13th Aug2016

Marcus Strickland’s Twi-Life ‘Nihil Novi’ CD/DIG (Blue Note) 3/5

by ukvibe

marcus-stricklandSax man Marcus Strickland has been making some noise on the US jazz scene for a little while now and I first heard of him when he released his ‘Open Reel’ album back in 2007. He has obviously impressed someone at Blue Note as this is his proper debut release in conjunction with Revive Music.
The success of Robert Glasper still looms large at Blue Note and I am sure they hope to find the next Mr. Glasper. On first glance, this album does have 3 or so tracks with vocals on, does feature Robert Glasper himself on a couple of cuts as well as Robert’s sometime drummer & touring drummer with Erykah Badu – Chris ‘Daddy’ Dave. Plus a majority of the songs are nice and bite sized at under 5 mins a go. Not that those are negative factors but to the trained cynical eye, it could mean something.
My fears were mostly allayed due to the huge talents of Meshell Ndegeocello on the production duties.

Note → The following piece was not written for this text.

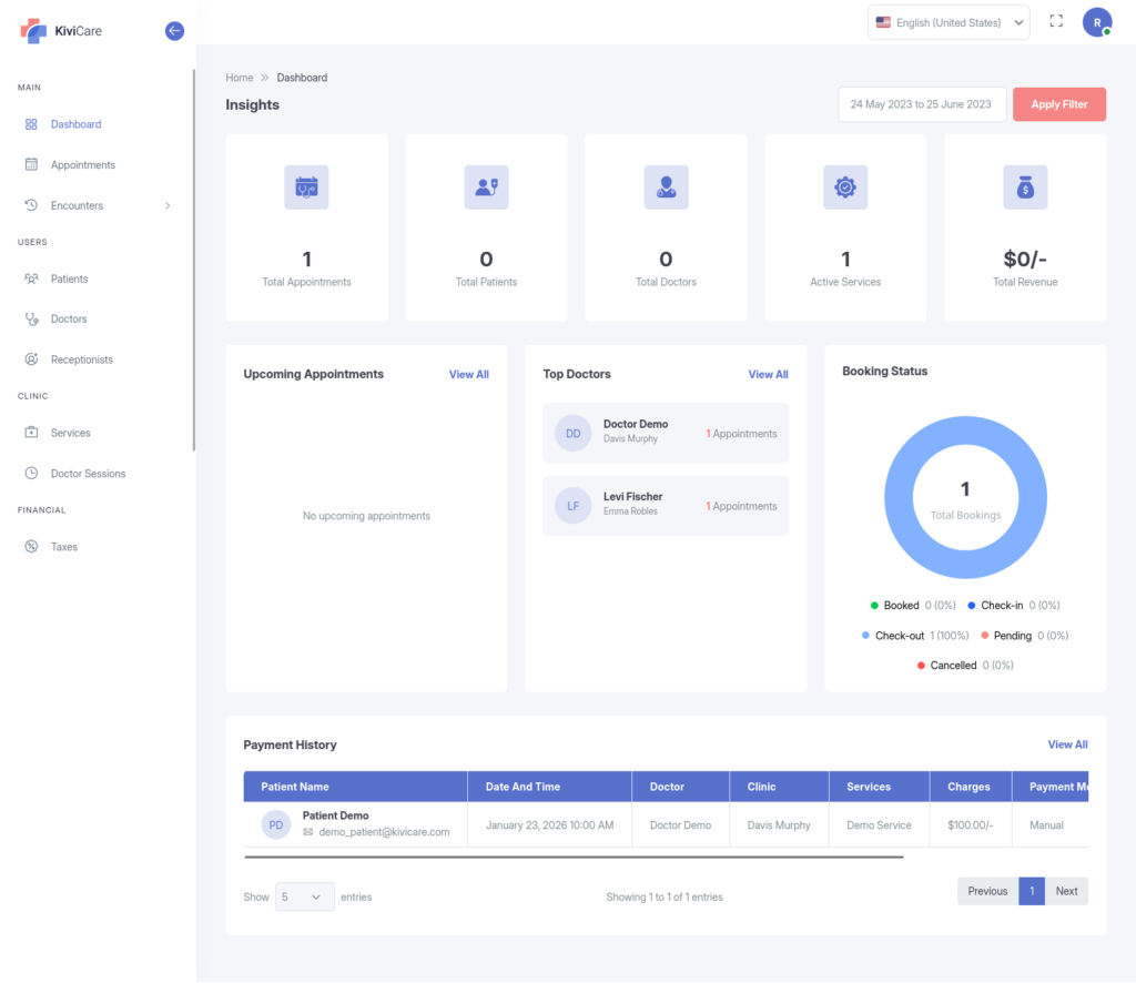 Financial & Demographic Data: Visual charts display recent Payment History and Booking Status , helping you understand your revenue flow and patient base. You can filter all these statistics by specific date ranges.

I wasn’t wrong there because what you have is a modern, hip jazz album with a subtly funk and hip-hop aesthetic (and I do mean ‘subtly’).
For those of you who want a jazz album where instruments are played and not simply played with, then this is your album. For those who like some soulful vocals, then that’s here for you also.

I think the strength of this album is that Marcus has not amassed a huge array of people in the studio. What you get for the most part is a quartet or quintet and the odd guest such as Glasper, Dave or the vocals of Jean Baylor.

Cuts to look out for are the first one ‘Tic Toc’ with its chanting vocals, ‘Alive’ with Ms Baylor on vocal and a lovely saxophone solo from Strickland; ‘Drive’ which is very nice instrumental showing off what the author can do.
‘Celestulude’ is also worthy of a mention – featuring Keyon Harrold on trumpet and Robert Glasper.

The album rounds out with ‘Mirrors’ with Ndegeocello on electric bass. This has a nice African dance feel to it before coming to a halt midway and taking the tempo right down to a slow soulful groove.

A good debut for Blue Note which should earn him some praise.